(Try it): An exact copy of every entry is needed, with no images.

(Dataset entries):
↓↓↓
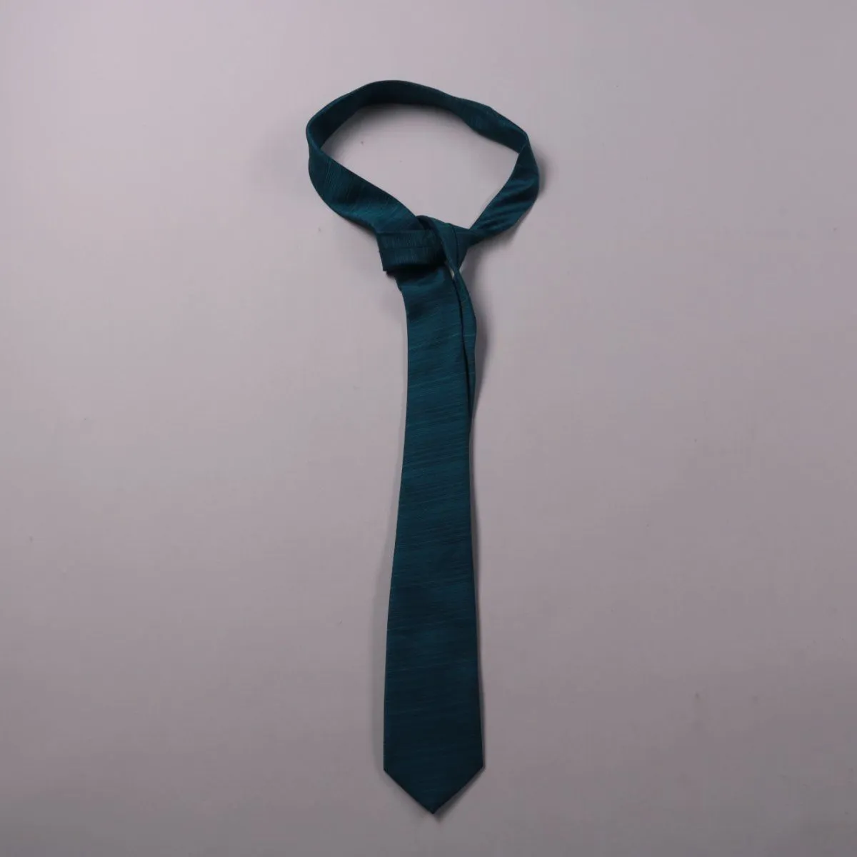 Мужской галстук в бирюзово-синем оттенке с тонкой фактурной полоской. Подойдёт для офиса, собеседований и торжественных мероприятий, легко сочетается с однотонными рубашками. Практичен тем, что размер one size и быстро приводит образ в аккуратный вид.
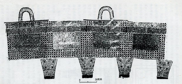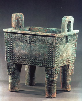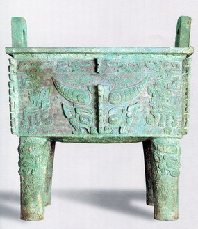 据传1939年河南省安阳武官北地出土的司母戊方鼎(学术界认为应改名为“后母戊鼎”),商代晚期,通高133厘米,口长116厘米,宽79厘米,器重875千克,是目前发现的商代铜器中最重的。该器器体呈长方形,深腹平底,口上有一对立耳,其一为后配。四中空柱足,四角有扉棱。鼎耳外侧有双虎食人首纹,四壁周边饰兽面纹,中央素地无纹。四足上部饰浮雕兽面纹。腹内壁有铭文三字。
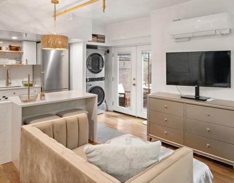 Step into your urban oasis and escape the city the moment you enter your private, walled garden, highlighted by a stunning glass sunroom and outdoor hot tub! This newly renovated Pied--Terre features large French doors, oversized windows, and western exposure that floods the space with natural light. The incredible glass-enclosed 3-season room serves as the perfect extension of your living spaceideal for a morning coffee, evening wine, or entertaining guests. The kitchen is outfitted with oversized stainless steel appliances, Quartz countertops, and a generous islandperfect for cooking and gathering. The newly done bathroom includes stylish fixtures, new tile, and a deep soaking tub. Additional highlights include excellent storage, central A/C, and full-sized in-unit laundry. With a Walk Score of 96 and a Transit Score of 94, youre just moments from the Esplanade, Newbury Street, and all the best shopping and dining the Back Bay has to offer.
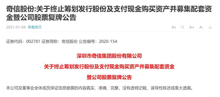 然而,重組也是說(shuō)終止就終止。1月3日晚間,奇信股份發(fā)布《奇信股份:關(guān)于終止籌劃發(fā)行股份及支付現(xiàn)金購(gòu)買資產(chǎn)并募集配套資金暨公司股票復(fù)牌公告》。
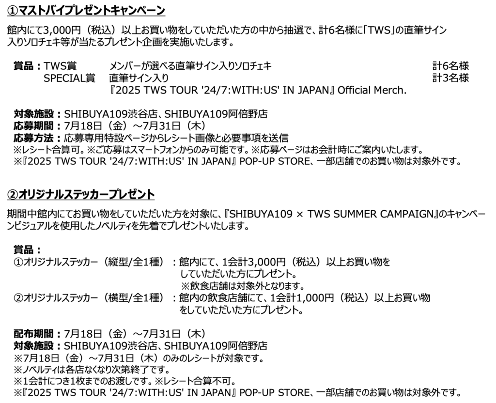 株式会社SHIBUYA109エンタテイメント(本社:東京都渋谷区、社長:石川あゆみ)は、東京・渋谷で運営する「SHIBUYA109渋谷店」、「SHIBUYA109阿倍野店」(大阪府大阪市)2施設にて、2025年7月18日(金)~7月
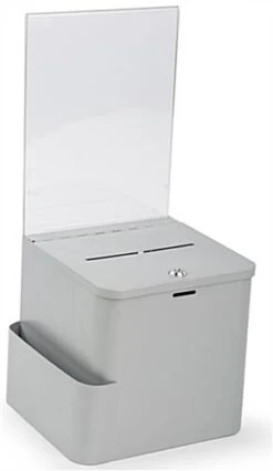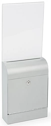 Locking Metal Ballot Box W/ 8.5 X 11 Acrylic Header, Wall Or Countertop – Silver
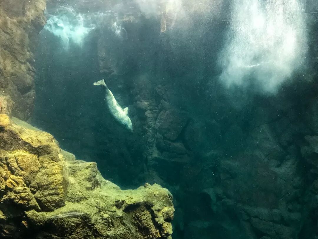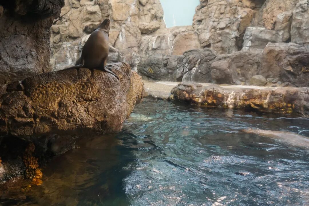 除了营造“步入海洋”的感觉,大阪海游馆还有很多展缸,用跨楼层的形式展示水面、水下或不同水深的情景。除了前面说到的贯穿两层展示的小爪水獭,在“蒙特雷湾”,位于七楼时能看到加州海狮(Zalophus californianus)和斑海豹(Phoca largha)在平台上嬉戏,然而转到下一层以及下下层,就会发现这个展缸竟然贯穿了三层:在水面之下、峭壁之间,灰色和棕色的矫健身影穿梭而过,视水压和阻力如无物,和平台上的憨态可掬完全不同。
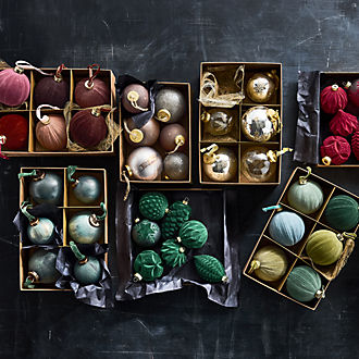 You can purchase high-quality, unique Christmas ornaments from us online 24/7, or at your local Crate & Barrel store. When possible, consider shopping in-person; we love celebrating the holidays, so head to your nearest location to enjoy our displays of Xmas ornaments, decor, stockings, tree accessories and more.
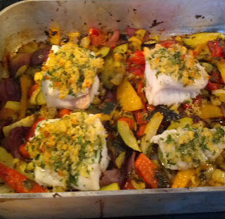 Imens smuldrer du brød til brødkrummer, vender det med revet parmasan, krydderurter, olivenolie, citronskal og salt og peber. Pres det sammen og fordel det på fiskestykkerne. Tag bradepanden med grøntsager ud og læg fiskestykkerne oven på. Sæt tilbage i ovnen og bag i 10-12 minutter ved 180 grader (bagetiden afhænger af fiskens størrelse).
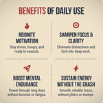 Clinically-dosed ingredients enhance motivation, focus, and mental endurance.
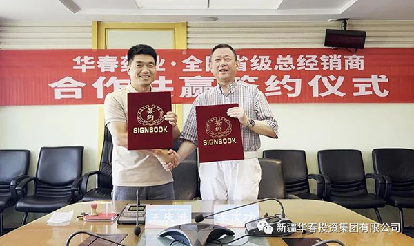 新疆華春生物藥業股份有限公司(簡稱華春生物藥業)與第二批全國省級總經銷商合作協議簽署儀式,于8月24日在新疆華春投資集團舉行。新疆華春投資集團董事局主席兼總裁、華春生物藥業董事長李成功先生,分別與江蘇龘龍醫藥科技有限公司研發負責人張永昌(江蘇省代)、北京麥爾信康科技發展有限公司總經理王慶進(北京省代)、河北思平生物醫藥科技有限公司總經理高春雨(河北省代),簽訂了《“參葛補腎膠囊”推廣服務協議暨省級總經銷協議》。華春生物藥業相關技術與管理人員參加簽署儀式。
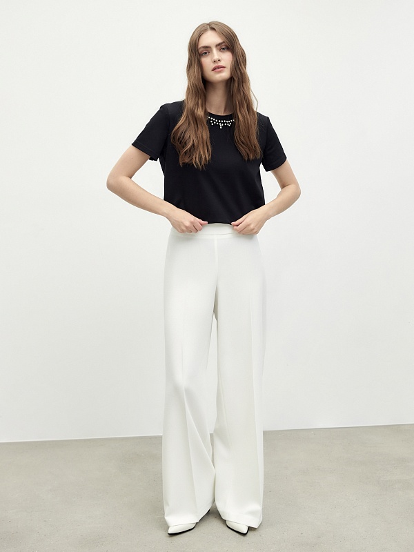 Футболка прямого силуэта из хлопка. Топ декорирован россыпью страз вдоль линии горловины.
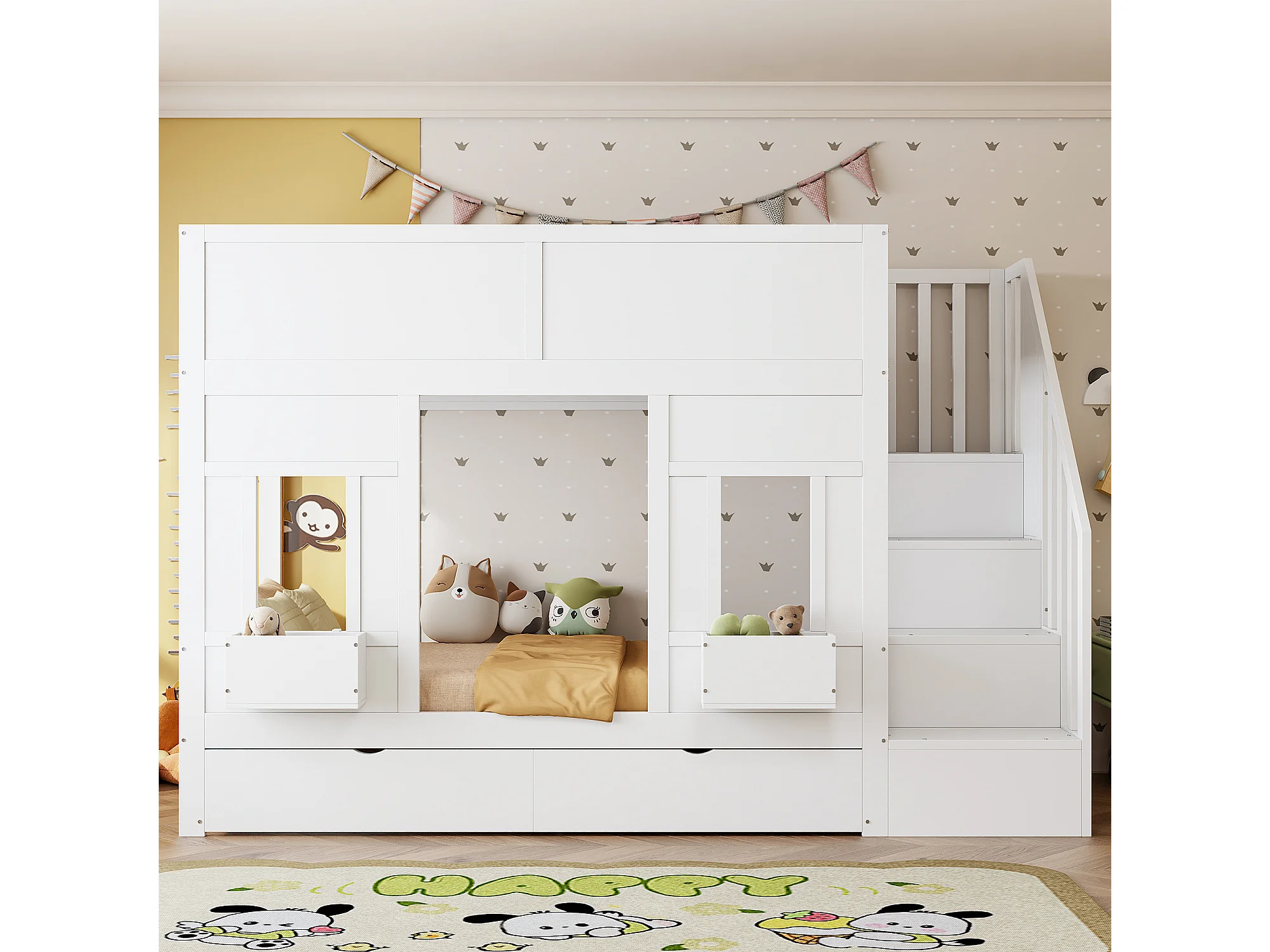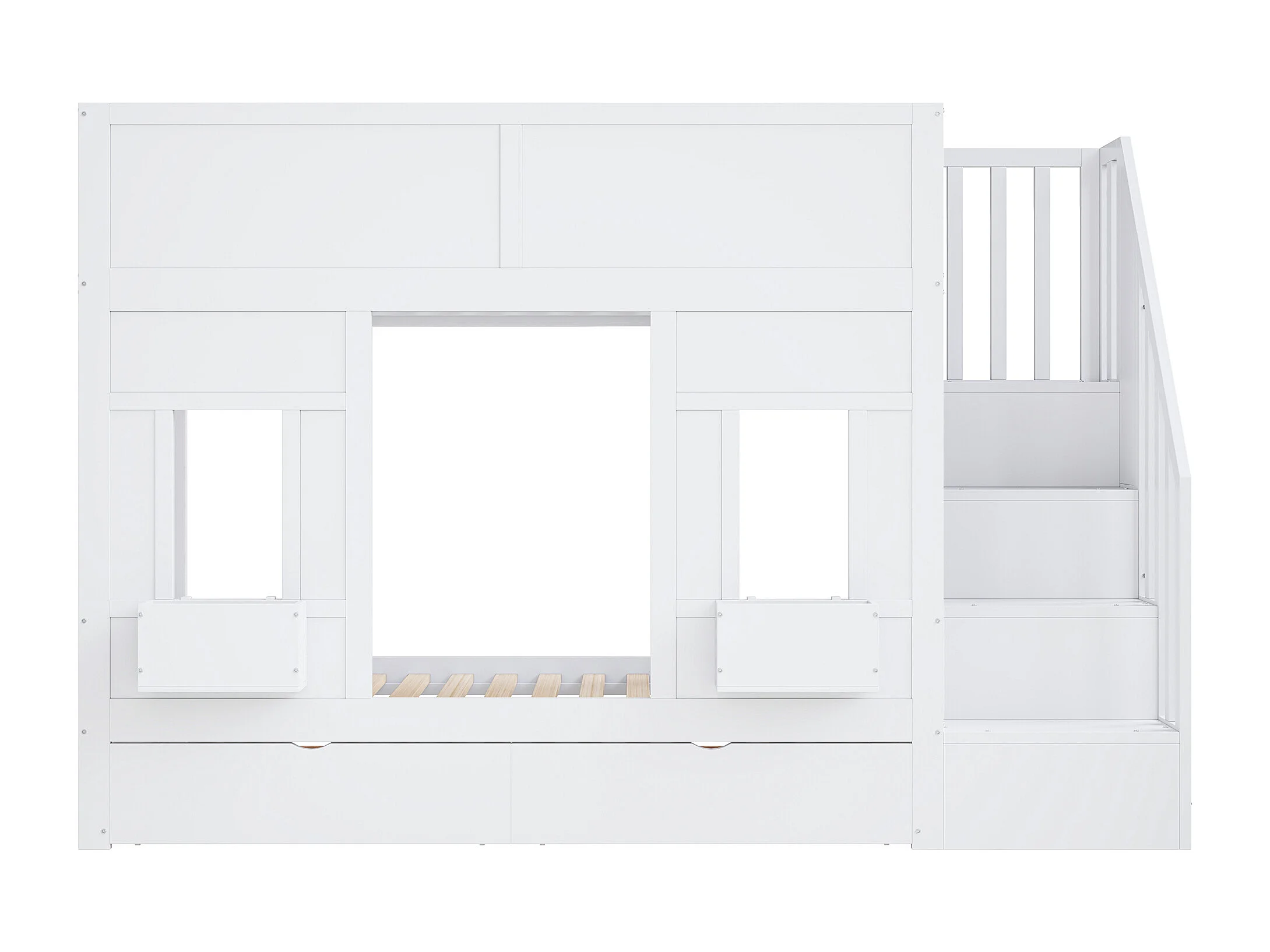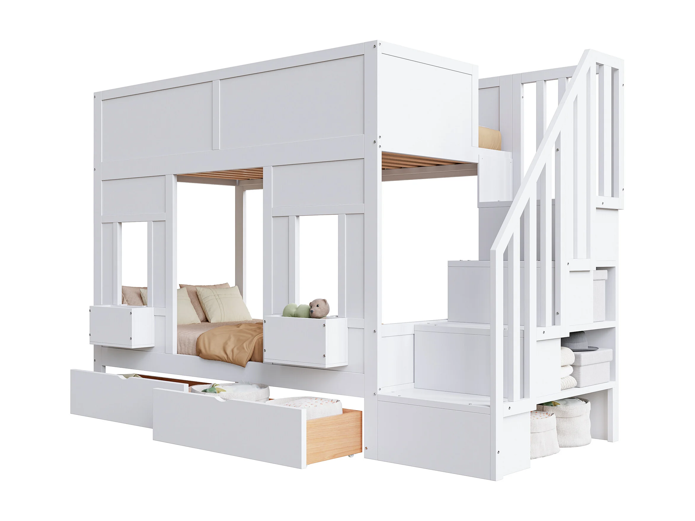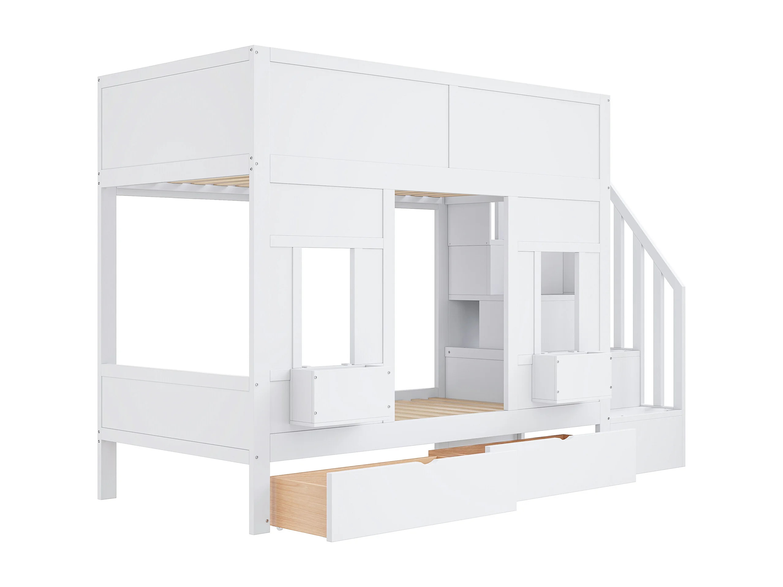 Etagenbett für Kinder 90 x 200 cm - mit Aufstiegsleiter mit Stauraum - mit 2 Schubladen - mit Sicherheitsgittern - weiß​ (Matratze nicht inbegriffen)
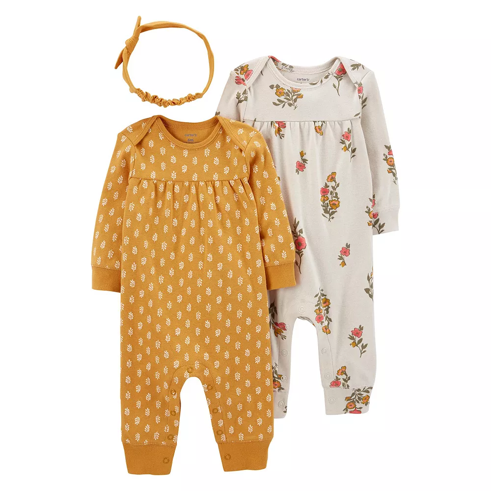 Your little one will look adorable in this baby Carter’s jumpsuit and headwrap set.
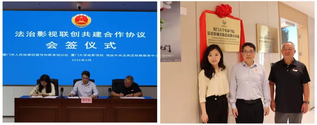 楊善良、林公明、張櫪文分別代表廈門市人民檢察院宣傳和教育培訓(xùn)處、廈門大學(xué)電影學(xué)院、海絲中央法務(wù)區(qū)檢察服務(wù)中心簽訂聯(lián)創(chuàng)共建協(xié)議,共同為“廈門大學(xué)電影學(xué)院法治影視實(shí)踐思政教育基地”揭牌。
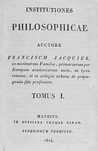 1815-1824. (HUMANIDADES). JACQUIER, FRANCISCO: INSTITUTIONES PHILOSOPHICAE. Volumenes de diferentes ediciones. Tomo I: Matriti: in officina Thomae Alban, 1824; El tomo II: Matriti: Ex. Typ. Callis de la Greda, 1821; Tomos III al V: Valentiae:...
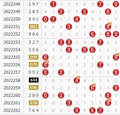 百位分析:根据多年来对百位杀号经验,推荐以下杀号技巧绝杀本期百位号码呈现给大家,当前期尾号乘以3加3后取个位杀本期百位即2,上期开奖号的百位乘以7加7后取个位杀本期百位即5,上期开奖号跨度杀本期百位即3,隔六期百位杀本期百位即0,上期和值-3取尾数杀本期百位即4,百位杀号综合推荐25304,绝杀程度从左到右依次降低,谨慎参考。
↑↑↑
(Exercise response):
 Мужской галстук в бирюзово-синем оттенке с тонкой фактурной полоской. Подойдёт для офиса, собеседований и торжественных мероприятий, легко сочетается с однотонными рубашками. Практичен тем, что размер one size и быстро приводит образ в аккуратный вид.
 据传1939年河南省安阳武官北地出土的司母戊方鼎(学术界认为应改名为“后母戊鼎”),商代晚期,通高133厘米,口长116厘米,宽79厘米,器重875千克,是目前发现的商代铜器中最重的。该器器体呈长方形,深腹平底,口上有一对立耳,其一为后配。四中空柱足,四角有扉棱。鼎耳外侧有双虎食人首纹,四壁周边饰兽面纹,中央素地无纹。四足上部饰浮雕兽面纹。腹内壁有铭文三字。
 Step into your urban oasis and escape the city the moment you enter your private, walled garden, highlighted by a stunning glass sunroom and outdoor hot tub! This newly renovated Pied--Terre features large French doors, oversized windows, and western exposure that floods the space with natural light. The incredible glass-enclosed 3-season room serves as the perfect extension of your living spaceideal for a morning coffee, evening wine, or entertaining guests. The kitchen is outfitted with oversized stainless steel appliances, Quartz countertops, and a generous islandperfect for cooking and gathering. The newly done bathroom includes stylish fixtures, new tile, and a deep soaking tub. Additional highlights include excellent storage, central A/C, and full-sized in-unit laundry. With a Walk Score of 96 and a Transit Score of 94, youre just moments from the Esplanade, Newbury Street, and all the best shopping and dining the Back Bay has to offer.
 然而,重組也是說(shuō)終止就終止。1月3日晚間,奇信股份發(fā)布《奇信股份:關(guān)于終止籌劃發(fā)行股份及支付現(xiàn)金購(gòu)買資產(chǎn)并募集配套資金暨公司股票復(fù)牌公告》。
 株式会社SHIBUYA109エンタテイメント(本社:東京都渋谷区、社長:石川あゆみ)は、東京・渋谷で運営する「SHIBUYA109渋谷店」、「SHIBUYA109阿倍野店」(大阪府大阪市)2施設にて、2025年7月18日(金)~7月
 Locking Metal Ballot Box W/ 8.5 X 11 Acrylic Header, Wall Or Countertop – Silver
 除了营造“步入海洋”的感觉,大阪海游馆还有很多展缸,用跨楼层的形式展示水面、水下或不同水深的情景。除了前面说到的贯穿两层展示的小爪水獭,在“蒙特雷湾”,位于七楼时能看到加州海狮(Zalophus californianus)和斑海豹(Phoca largha)在平台上嬉戏,然而转到下一层以及下下层,就会发现这个展缸竟然贯穿了三层:在水面之下、峭壁之间,灰色和棕色的矫健身影穿梭而过,视水压和阻力如无物,和平台上的憨态可掬完全不同。
 You can purchase high-quality, unique Christmas ornaments from us online 24/7, or at your local Crate & Barrel store. When possible, consider shopping in-person; we love celebrating the holidays, so head to your nearest location to enjoy our displays of Xmas ornaments, decor, stockings, tree accessories and more.
 Imens smuldrer du brød til brødkrummer, vender det med revet parmasan, krydderurter, olivenolie, citronskal og salt og peber. Pres det sammen og fordel det på fiskestykkerne. Tag bradepanden med grøntsager ud og læg fiskestykkerne oven på. Sæt tilbage i ovnen og bag i 10-12 minutter ved 180 grader (bagetiden afhænger af fiskens størrelse).
 Clinically-dosed ingredients enhance motivation, focus, and mental endurance.
 新疆華春生物藥業股份有限公司(簡稱華春生物藥業)與第二批全國省級總經銷商合作協議簽署儀式,于8月24日在新疆華春投資集團舉行。新疆華春投資集團董事局主席兼總裁、華春生物藥業董事長李成功先生,分別與江蘇龘龍醫藥科技有限公司研發負責人張永昌(江蘇省代)、北京麥爾信康科技發展有限公司總經理王慶進(北京省代)、河北思平生物醫藥科技有限公司總經理高春雨(河北省代),簽訂了《“參葛補腎膠囊”推廣服務協議暨省級總經銷協議》。華春生物藥業相關技術與管理人員參加簽署儀式。
 Футболка прямого силуэта из хлопка. Топ декорирован россыпью страз вдоль линии горловины.
 Etagenbett für Kinder 90 x 200 cm - mit Aufstiegsleiter mit Stauraum - mit 2 Schubladen - mit Sicherheitsgittern - weiß​ (Matratze nicht inbegriffen)
 Your little one will look adorable in this baby Carter’s jumpsuit and headwrap set.
 楊善良、林公明、張櫪文分別代表廈門市人民檢察院宣傳和教育培訓(xùn)處、廈門大學(xué)電影學(xué)院、海絲中央法務(wù)區(qū)檢察服務(wù)中心簽訂聯(lián)創(chuàng)共建協(xié)議,共同為“廈門大學(xué)電影學(xué)院法治影視實(shí)踐思政教育基地”揭牌。
 1815-1824. (HUMANIDADES). JACQUIER, FRANCISCO: INSTITUTIONES PHILOSOPHICAE. Volumenes de diferentes ediciones. Tomo I: Matriti: in officina Thomae Alban, 1824; El tomo II: Matriti: Ex. Typ. Callis de la Greda, 1821; Tomos III al V: Valentiae:...
 百位分析:根据多年来对百位杀号经验,推荐以下杀号技巧绝杀本期百位号码呈现给大家,当前期尾号乘以3加3后取个位杀本期百位即2,上期开奖号的百位乘以7加7后取个位杀本期百位即5,上期开奖号跨度杀本期百位即3,隔六期百位杀本期百位即0,上期和值-3取尾数杀本期百位即4,百位杀号综合推荐25304,绝杀程度从左到右依次降低,谨慎参考。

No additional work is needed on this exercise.